Bowers driving force behind MHS’s Hall

A COUPLE OF WEEKS ago Tyler Palko,
the Pitt quarterback, was talking about how you define a football career.
The ultimate definition, he said, is not in records held or personal accomplishments, but instead is found in “wins and losses and how you left the program after you’re done.”
We bring this up today because in the very near future they are going to begin defining almost 80 years worth of athletic careers at Morgantown High School with the formation of an Athletic Hall of Fame. The idea for the MHS Athletic Hall of Fame grew from a seed planted by football coach John Bowers.
“This is something that’s never been done at Morgantown High,” said Tom Hart, former baseball coach and former principal at the school serving as chairman of the committee that formed the hall of fame . “Coach Bowers is the person who got the interest started. He came to me with it and I said, ‘That’s a good idea. Why not pursue and see where it leads?’”
It has led to the point where they plan to select a 10-man inaugural class this fall and induct them when there’s a full house for University’s basketball visit to MHS.
In the overall scheme of things, John Bowers is a young man, not the most likely person to be thinking of the rich history that goes back to 1927 with the Mohigans.
“I went to Brooke,” Bowers said, explaining the roots of an idea. “I know some people from Wheeling Park. They both have Halls of Fame. The father of a friend of mine was recently inducted into the Keyser Hall of Fame.
“I got to thinking. I don’t know of a school with more athletic tradition than Morgantown High. It’s silly not to honor those people.”
And so it was that Bowers began talking the idea up.
“I talked to the grass roots,” he said, “and it was well received.”

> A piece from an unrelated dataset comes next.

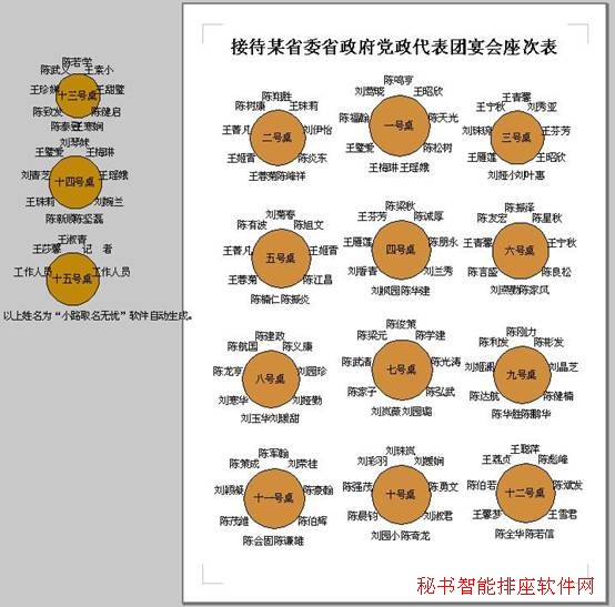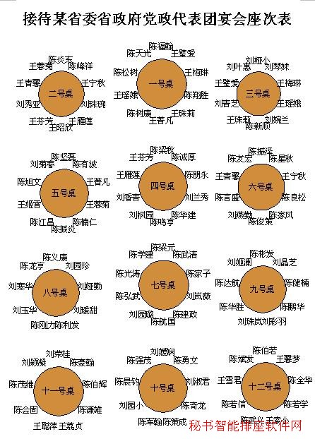 一是圆桌或椭圆桌双方对面座的座谈会议形式,可根据您准备人员名单的顺序先设置任何一边,再设置另一边,导入人员名单即可。

When you think about it, there have been so many great coaches and athletes at Morgantown High throughout the years that the problem won’t be filling out the Hall, but cutting it back, even though the requirements for selection and election are stringent, including one that says they “must be of the highest moral and ethical character and must have brought positive recognition to him/herself and Morgantown High.”
Athletes must wait 10 years
Names such as Art Clyde, Pony Lewis, Vic Bonfili, Glen McNew, the Bowdens, Terry and Tommy, Sam Rozance, David Mayfield, Andy Parsons, John Lunchini and Jeff Dubbe.

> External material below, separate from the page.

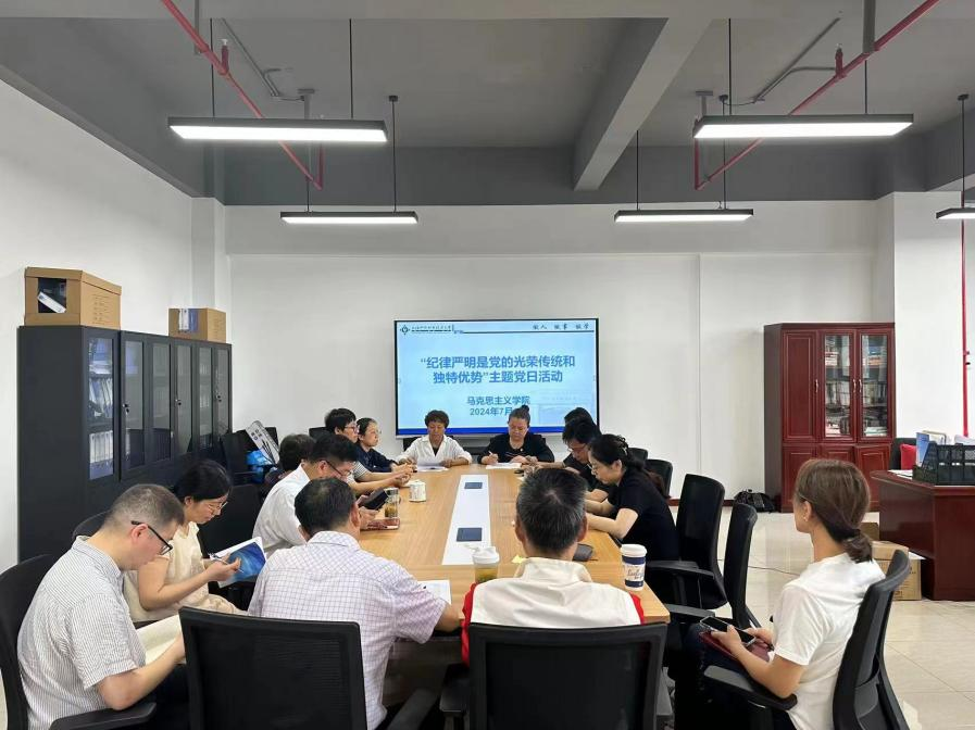 为庆祝中国共产党成立103周年,推动党纪学习教育走实走深,激励党员教师践行初心使命,2024年7月1日,马克思主义学院举办庆祝中国共产党成立103周年主题党日活动。会议由马克思主义学院党支部书记封晓莉主持。马院全体党员教师参加。

The Hall of Fame is set up so that the first class will have a maximum of 10 inductees, two each from the following eras: 1927-1940, 1941-1950, 1951-1970, 1970 to the present.
After the first three years they will get the maximum to five inductees per year from any time interval.
The Hall of Fame is set up so as to not only honor athletes and coaches but “auxiliary” people, perhaps such as graduates as Jack Fleming, the Voice of the West Virginia Mountaineers, or long-time sportswriter Mickey Furfari or someone like Chester Brooks, who devoted much of his life to the baseball program.
They are not looking, however, to turn this into a museum.
“We want it to have a current flavor,” Bowers said. Such athletes as Chris Yura or the Rodamers certainly will not have to wait until old age to be inducted into the Hall of Fame.
And, for that matter, there’s a pretty good chance there will be spot for a plaque on the wall for the man who got this started, John Bowers, for with a couple of state football championships and the legacy of the MHS Athlete Hall of Fame there can be little doubt that when he leaves MHS it will be better than when he arrived.